U.S. Puts Venezuelan Vice President Tareck El Aissami on Sanctions List
Official, placed on Treasury’s kingpins list, allegedly aided drug traffickers
By
Kejal Vyas and

Anatoly Kurmanaev
Updated Feb. 13, 2017 6:18 p.m. ET
BN-SB999_VENUS0_GR_20170213171210.jpg

Tareck El Aissami, vice president of Venezuela. Photo: Carlos Becerra/Bloomberg News

CARACAS, Venezuela—Vice President Tareck El Aissami has been put on a sanctions list by the U.S. Treasury Department for allegedly aiding drug traffickers and Middle Eastern terrorists.

The move, announced by the Treasury’s Office of Foreign Assets Control, freezes any of Mr. El Aissami’s assets in the U.S.

The action is likely to heighten tensions between Venezuela’s increasingly authoritarian government and the administration of President Donald Trump, who promised to defend Venezuelans against “oppression” during his presidential campaign.

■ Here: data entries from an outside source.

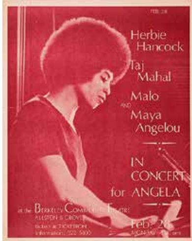
Unbekannt: Plakat für ein Konzert für die inhaftierte Kommunistin Angela Davis, 1972.

Es gibt eine direkte Beziehung zwischen den Drogen, die Teil der Befreiungsdees von «Sex, Drugs and Rock 'n' Roll» waren, und dem, was schliesslich aus dem Slogan gemacht wurde: Pornografie, Heroin und Heeey, Rock 'n' Rohoooo!!! – dieser stumpfsinnige Headbanging-Quatsch. «Sex, Drugs and Rock 'n' Roll» wurde zum Marketinglogan gegen alles, was der Ausdruck ursprünglich verkörpert hatte.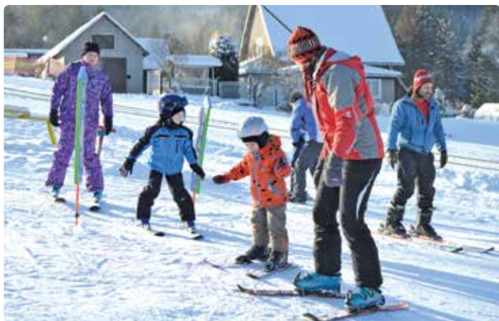
Malí lyžaři na svahu U Sachovy studánky.

HORNÍ BEČVA • Sportovně prožili o vánočních svátcích část svého volna někteří Hornobečvané. V hale základní školy se konal turnaj ve volejbale i ve stolním tenisu, na Nový rok si vyšlápli na Martiňák. Teploty pod nulou a sněžení umožnily rozjet vleky i proběhnout se na běžkách.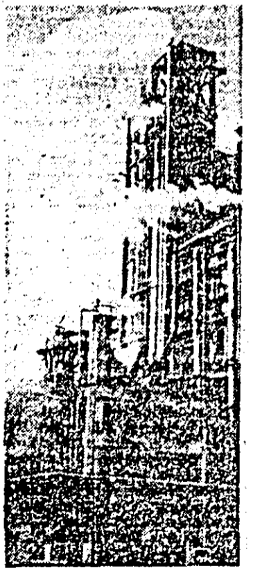
Combinatul de Îngrășăminte chimice Arad, vedere exterioară.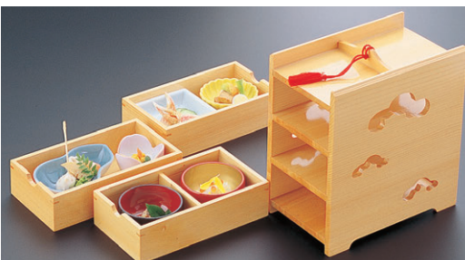
8-723-2 困3段引き出し弁当 1-316-2 ¥19,800 (21×12.5×20.5) 横20 A 困3寸角鉢 青磁 ¥1,100 B 困2.6寸菊型千代久 黄 ¥1,000 C 困ひさご鉢 青磁 ¥900 D 困チューリップ珍珠 ピンク ¥1,100 E 困2.6寸丸鉢 黒内朱 ¥450 F 困2.6寸丸鉢 朱内金 ¥800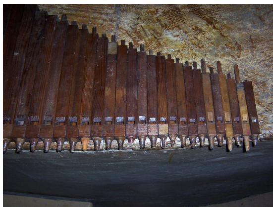
Píšťaly Kopuly 8' zatřeny šelakem

Nejprve bylo nutné odstranit šelakový nátěr. Píšťaly byly ponechány působení par lihového ředidla v uzavřeném prostoru, kde došlo k naleptání a změkčení šelaku, který byl následně odstraněn odmytím v lihovém ředidle. Po odstranění šelaku a vyschnutí rozpouštědla následoval nátěr konzervační látkou – roztokem lignofixu v technickém benzínu a lihovém ředidle. Po vyschnutí rozpouštědla byla provedena petrifikace ponořením do Solakrylu BMX ředěného toluenem. Po důkladném prostoupení látky materiálem byly píšťaly vyjmuty z lázně, přebytečný Solakryl byl z povrchu odstraněn a píšťaly byly uskladněny, aby mohlo dojít k vysušení rozpouštědla a vytvrdnutí petrifikační hmoty. Následně došlo k truhlářským úpravám: vysazení materiálu na lábiích, zátkách, byly zhotoveny repliky poškozených a zničených noh, předkrývek případně jader. Nevratně zničené nebo nevhodné v minulosti doplněné píšťaly byly nahrazeny stylovými replikami. Korpusy píšťal, které byly popraskané a rozklížené, byly opětovně slepeny za pomoci kostního kliču. Píšťaly byly sesazeny, předintonovány a usazeny na píšťalnici.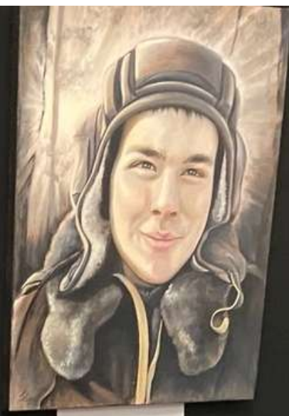
Portrait of a female pilot, likely a member of the Finnish Air Force during the Winter War.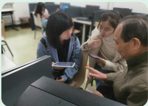
我处举办手机电脑一对一辅导活动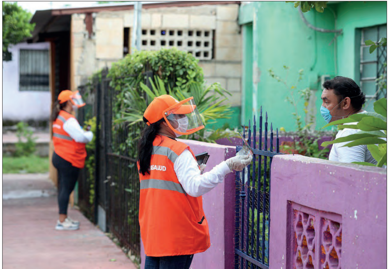
▲ Las brigadas de "Amigos de la Salud Casa por Casa" ya visitaron 41 colonias de Mérida y 75 municipios del interior de Yucatán, proporcionando información de las medidas de higiene a seguir para evitar contagios.

El gobernador Mauricio Vila Dosal impulsó el Programa Estatal de Reforzamiento a la Protección de la Salud, que vino a sumarse al combate de la pandemia a través del esquema "Amigos de la salud Casa por Casa", la instalación de módulos itinerantes para la toma de muestras y la detección oportuna de coronavirus, así como la implementación de un sistema de rastreo oportuno vía mensajes SMS y llamadas telefónicas para la detección de posibles infectados.

Mr. El Aissami, 42, has been under investigation by U.S. prosecutors for allegedly aiding drug shipments from Venezuela, The Wall Street Journal reported in 2015. In less than two decades, he rose from a provincial student organizer to the second-most-powerful man in the country under President Nicolás Maduro, with sweeping powers to allocate foreign currency, expropriate companies and jail his foes.

U.S. law-enforcement officials believe that as Venezuela’s interior minister and then as governor of the central Aragua state, Mr. El Aissami provided material aid to drug traffickers shipping Colombian cocaine to Europe and the U.S. through Venezuelan ports, according to four people familiar with the investigation. “What he did was charge for the routes,” said one of the people.

Mr. El Aissami also allegedly used his control of Venezuela’s immigration agency to sell passports and visas to citizens of Middle Eastern countries with terrorist ties, the people say.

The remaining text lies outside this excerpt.